St John's NUM - Strike pin


----------



## dennisr (Mar 27, 2013)

everyone will remember this one - Orgreave, 18 June 1984. Lesley Boulton from the Sheffield miners’ support group shouts for an ambulance for an injured miner. A mounted policeman swears at her and hits out with his truncheon and she can only raise her hand for protection. Pic by John Harris

Search for *Orgreave Truth and Justice Campaign* on faceache


----------



## gawkrodger (Mar 27, 2013)

http://www.facebook.com/OrgreaveTruthAndJusticeCampaign?fref=ts


----------



## nogojones (Mar 27, 2013)

phildwyer said:


> More than any other single figure, he was responsible for losing the strike,


 
Norman Willis tried his hardest as well


----------



## Firky (Mar 27, 2013)

Here's the police (serving) showing their ignorance regarding the history of the "I've met the MET" stickers.

http://www.policespecials.com/forum...et-the-met-sticker-stuck-on-welsh-police-van/

Also quite revealing how they think it is a bit of a game and a joke.


----------



## poului (Mar 27, 2013)

The39thStep said:


> and whilst I am back from the pub , the first two thirds of this are great , the second third is ok if you like people bashing metal , but you can't knock Test Department in that all proceeds from the album went to the strike.




One of the most unique records I've ever heard, this.


----------



## The39thStep (Mar 27, 2013)

poului said:


> One of the most unique records I've ever heard, this.


 
It was very bold , some of it worked , some of it didn't. It was quite ironic and I guess fitting that some art house industrial noise band whose stage act tried to replicate physical labour and the industrial enviroment end up recording with those whose everyday life was excatly that. The re worked version of Comrade in Arms would be in my top thirty/fifty tracks ever


----------



## Nice one (Mar 27, 2013)

dennisr said:


> Search for *Orgreave Truth and Justice Campaign* on faceache


 
supposed to be doing a banner for these, going to end up something like this when it's done


----------



## ddraig (Mar 27, 2013)

The39thStep said:


> It was very bold , some of it worked , some of it didn't.
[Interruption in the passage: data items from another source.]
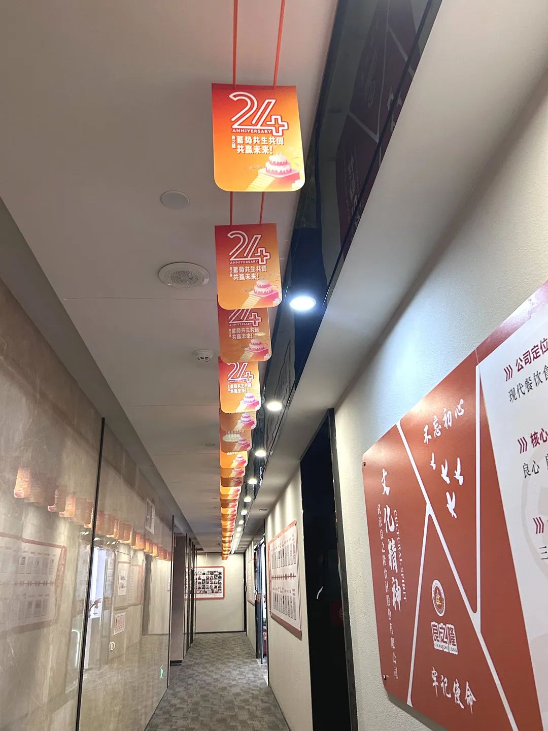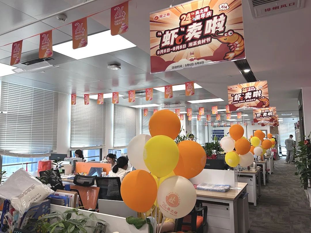 公司總部及全國各門店在公共區(qū)域、辦公場(chǎng)所精心布置,通過在門頭、前臺(tái)、中庭、辦公區(qū)域張貼24周年活動(dòng)標(biāo)識(shí)、宣傳標(biāo)語、吊旗等方式,全面營造隆重?zé)崃?、喜慶活潑的慶祝氣氛。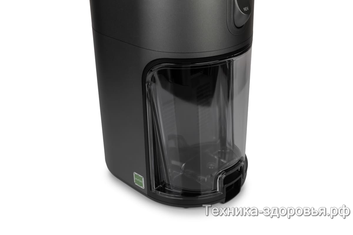 Корпус соковыжималки оснащен встроенной емкостью для жмыха объемом 900 мл. Сам корпус соковыжималки имеет покрытие Soft-Touch, а значит на корпусе не будут оставаться отпечатки пальцев, что значительно упрощает уход за прибором.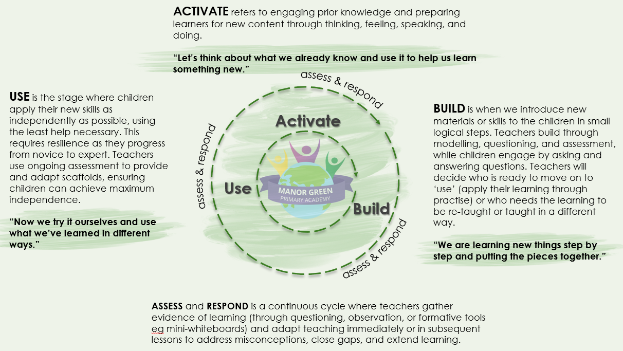 The long term and medium-term sequences take into account four key steps that inform daily instruction. These steps have been adapted from Roshenshine’s Principles of Effective Instruction and at Manor Green all our planning and delivery follows the steps. These are: activate, build, use. When creating learning sequences, teachers carefully consider the gradual release of responsibility mode. Throughout the quality teaching during each step, we consistently assess and respond to meet the needs of the class.

It was quite ironic and I guess fitting that some art house industrial noise band whose stage act tried to replicate physical labour and the industrial enviroment end up recording with those whose everyday life was excatly that. The re worked version of Comrade in Arms would be in my top thirty/fifty tracks ever


know anywhere i can buy it where the money would go to a good cause still?
none on their site obviously and found one for sale in france online last night


----------



## Sprocket. (Mar 27, 2013)

Nice one said:


> supposed to be doing a banner for these, going to end up something like this when it's done


 
Have I dreamt it or are these available as windscreen stickers?


----------



## Crispy (Mar 27, 2013)

Am I the only one who keeps seeing this thread title and thinking that there are some greek miners striking on an island called Photos?


----------



## Fozzie Bear (Mar 27, 2013)

The39thStep said:


> It was very bold , some of it worked , some of it didn't. It was quite ironic and I guess fitting that some art house industrial noise band whose stage act tried to replicate physical labour and the industrial enviroment end up recording with those whose everyday life was excatly that. The re worked version of Comrade in Arms would be in my top thirty/fifty tracks ever


 
It's an amazing album - there is a Test Dept book coming out this year apparently.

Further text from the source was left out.